* **Dataset records**:
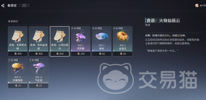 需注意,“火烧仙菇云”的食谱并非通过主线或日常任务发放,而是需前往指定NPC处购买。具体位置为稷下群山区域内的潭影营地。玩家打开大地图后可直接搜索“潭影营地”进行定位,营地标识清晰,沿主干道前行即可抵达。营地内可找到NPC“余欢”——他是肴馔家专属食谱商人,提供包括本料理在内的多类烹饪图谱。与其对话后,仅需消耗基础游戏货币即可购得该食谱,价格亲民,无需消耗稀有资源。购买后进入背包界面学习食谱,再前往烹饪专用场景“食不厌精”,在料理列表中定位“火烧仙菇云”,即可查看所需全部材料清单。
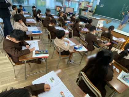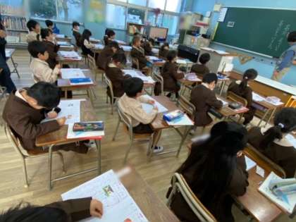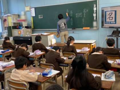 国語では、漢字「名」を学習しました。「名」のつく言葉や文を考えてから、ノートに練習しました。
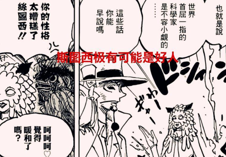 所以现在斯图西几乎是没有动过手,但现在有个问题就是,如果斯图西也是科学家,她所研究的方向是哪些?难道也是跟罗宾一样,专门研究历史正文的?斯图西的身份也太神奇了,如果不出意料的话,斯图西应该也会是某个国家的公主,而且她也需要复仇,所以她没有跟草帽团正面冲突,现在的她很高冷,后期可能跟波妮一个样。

--

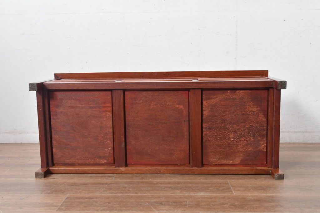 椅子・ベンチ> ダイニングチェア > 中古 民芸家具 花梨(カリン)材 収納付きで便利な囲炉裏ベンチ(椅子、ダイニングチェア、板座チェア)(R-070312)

* **Aim of the exercise**: What belongs in the answer is each line above from the line with "国語では、漢字「名」を学習し" to the line with "所以现在斯图西几乎是没有动过", inclusive, reproduced exactly and free of pictures.

* **Result**:
 国語では、漢字「名」を学習しました。「名」のつく言葉や文を考えてから、ノートに練習しました。
 所以现在斯图西几乎是没有动过手,但现在有个问题就是,如果斯图西也是科学家,她所研究的方向是哪些?难道也是跟罗宾一样,专门研究历史正文的?斯图西的身份也太神奇了,如果不出意料的话,斯图西应该也会是某个国家的公主,而且她也需要复仇,所以她没有跟草帽团正面冲突,现在的她很高冷,后期可能跟波妮一个样。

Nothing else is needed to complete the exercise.